ACTIVITY |
Your answer must be the full set of records, copied exactly, with no pictures in it.

RECORDS PROVIDED |

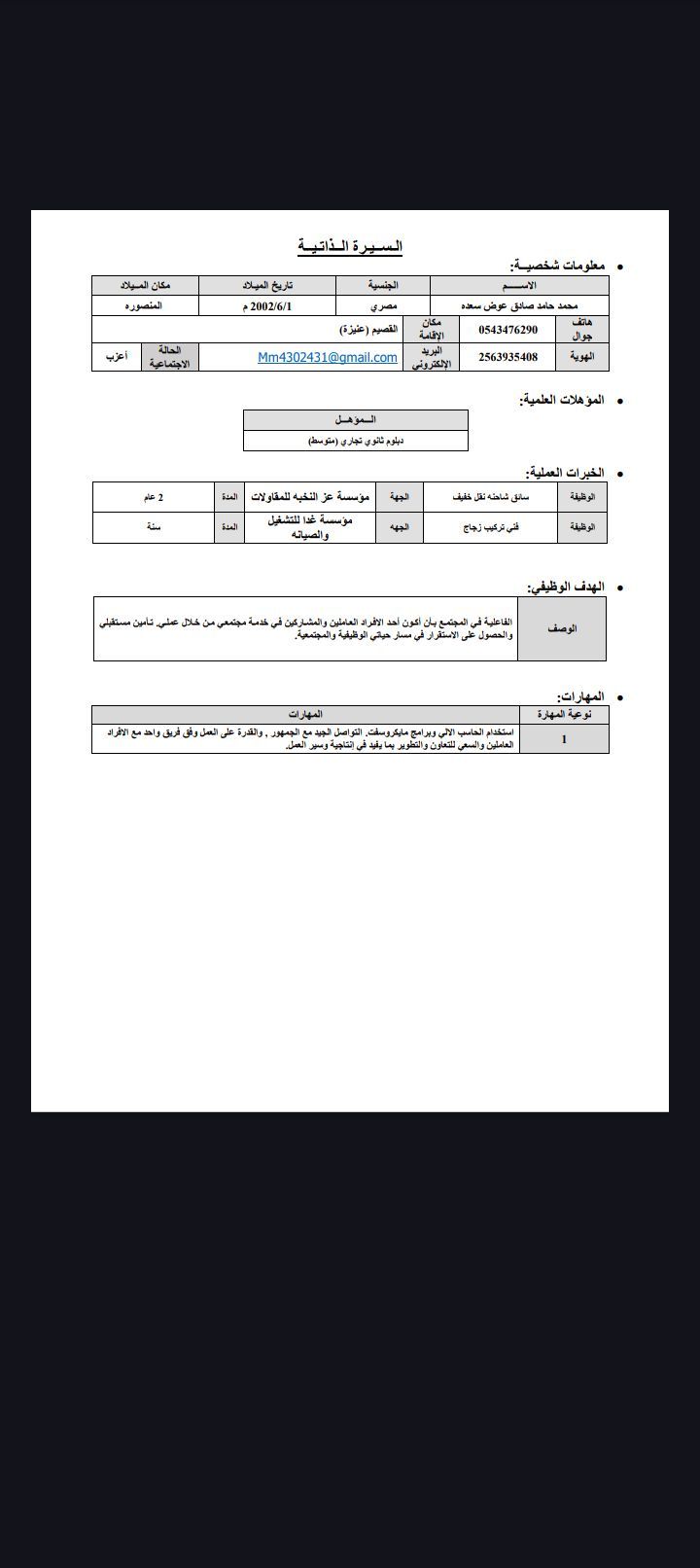 سائق شاحنة صغيرة معي رخصة قيادة نقل خفيف واشتغلت في مؤسسة مقاولات عندي خبرة في تركيب أكسسوارات السباكه والكهرباء توصيل أفياش تركيب لمبات تركيب زجاج وعدة مهارات أخرى وسائق دينا بوينش
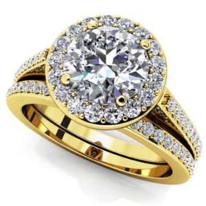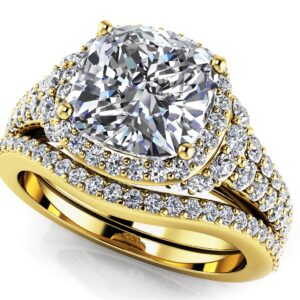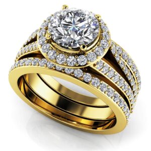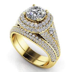 Deluxe Double Halo Diamond Bridal Set In White Gold Yellow Gold And Platinum
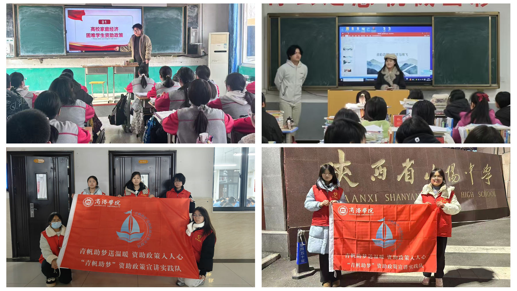为助力教育公平,让国家资助政策深入人心,学校多支资助政策宣讲实践队开展了形式多样的资助政策普及活动。“话资助政策,助学子腾飞”实践团在指导教师带领下,分赴陕西榆林、丹凤、西安、杨凌及山东青岛等地,采取“艺术赋能+政策宣讲”形式开展20场宣讲活动,编制宣讲手册、设计手绘海报、创作政策顺口溜音乐短片,把资助政策送到基层学子和家庭手中。“青帆助梦”资助政策宣讲实践队依托山阳县资助管理中心,采取“校内+社区”双轨模式,开展政策讲解、入户指导,建立线上咨询渠道提供持续服务,形成需求反馈清单,让政策温暖精准落地。
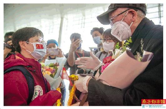 4月8日,天河机场,援助接管武汉协和西院ICU的广东危重症救治医疗队返粤。患者家属前来送行时眼含泪光。
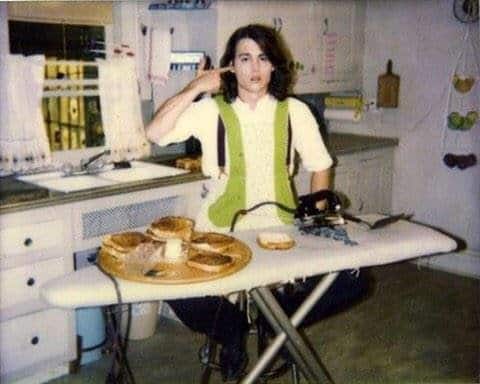 Johnny Depp making grilled cheese sandwiches with an iron – 1990’s
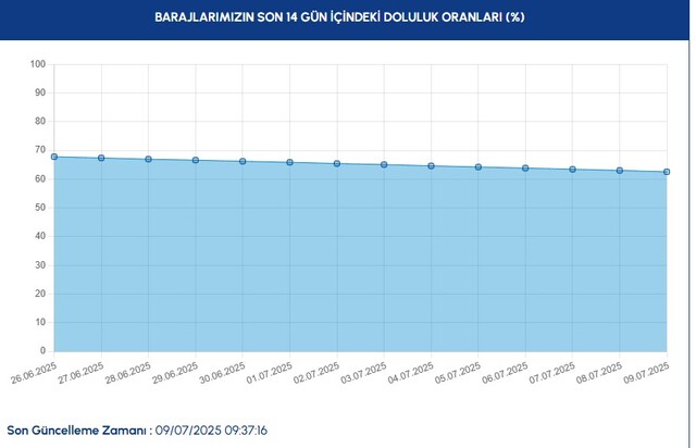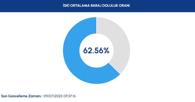İSKİ'nin paylaştığı İstanbul barajları doluluk oranı yüzde 62,56 oldu.
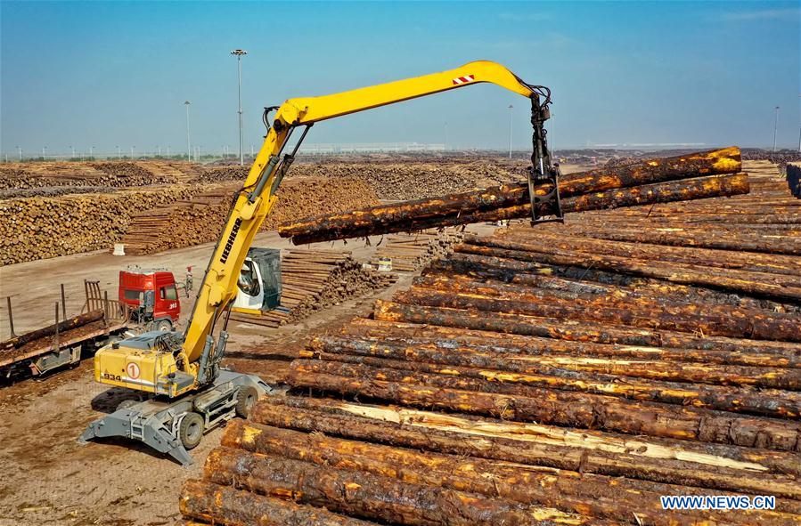 Aerial photo taken on Aug 27, 2019 shows a wood storage yard at Wenfeng port in the China (Hebei) Pilot Free Trade Zone Caofeidian area in North China's Hebei province. China (Hebei) Pilot Free Trade Zone (FTZ) Caofeidian area announced its inauguration on Saturday. Caofeidian area of the Hebei pilot FTZ focuses on industries including international commodity trade, port service, energy reserve and distribution, and high-end equipment manufacturing. [Photo/Xinhua]

WRITTEN RESPONSE |
 سائق شاحنة صغيرة معي رخصة قيادة نقل خفيف واشتغلت في مؤسسة مقاولات عندي خبرة في تركيب أكسسوارات السباكه والكهرباء توصيل أفياش تركيب لمبات تركيب زجاج وعدة مهارات أخرى وسائق دينا بوينش
 Deluxe Double Halo Diamond Bridal Set In White Gold Yellow Gold And Platinum
为助力教育公平,让国家资助政策深入人心,学校多支资助政策宣讲实践队开展了形式多样的资助政策普及活动。“话资助政策,助学子腾飞”实践团在指导教师带领下,分赴陕西榆林、丹凤、西安、杨凌及山东青岛等地,采取“艺术赋能+政策宣讲”形式开展20场宣讲活动,编制宣讲手册、设计手绘海报、创作政策顺口溜音乐短片,把资助政策送到基层学子和家庭手中。“青帆助梦”资助政策宣讲实践队依托山阳县资助管理中心,采取“校内+社区”双轨模式,开展政策讲解、入户指导,建立线上咨询渠道提供持续服务,形成需求反馈清单,让政策温暖精准落地。
 4月8日,天河机场,援助接管武汉协和西院ICU的广东危重症救治医疗队返粤。患者家属前来送行时眼含泪光。
 Johnny Depp making grilled cheese sandwiches with an iron – 1990’s
İSKİ'nin paylaştığı İstanbul barajları doluluk oranı yüzde 62,56 oldu.
 Aerial photo taken on Aug 27, 2019 shows a wood storage yard at Wenfeng port in the China (Hebei) Pilot Free Trade Zone Caofeidian area in North China's Hebei province. China (Hebei) Pilot Free Trade Zone (FTZ) Caofeidian area announced its inauguration on Saturday. Caofeidian area of the Hebei pilot FTZ focuses on industries including international commodity trade, port service, energy reserve and distribution, and high-end equipment manufacturing. [Photo/Xinhua]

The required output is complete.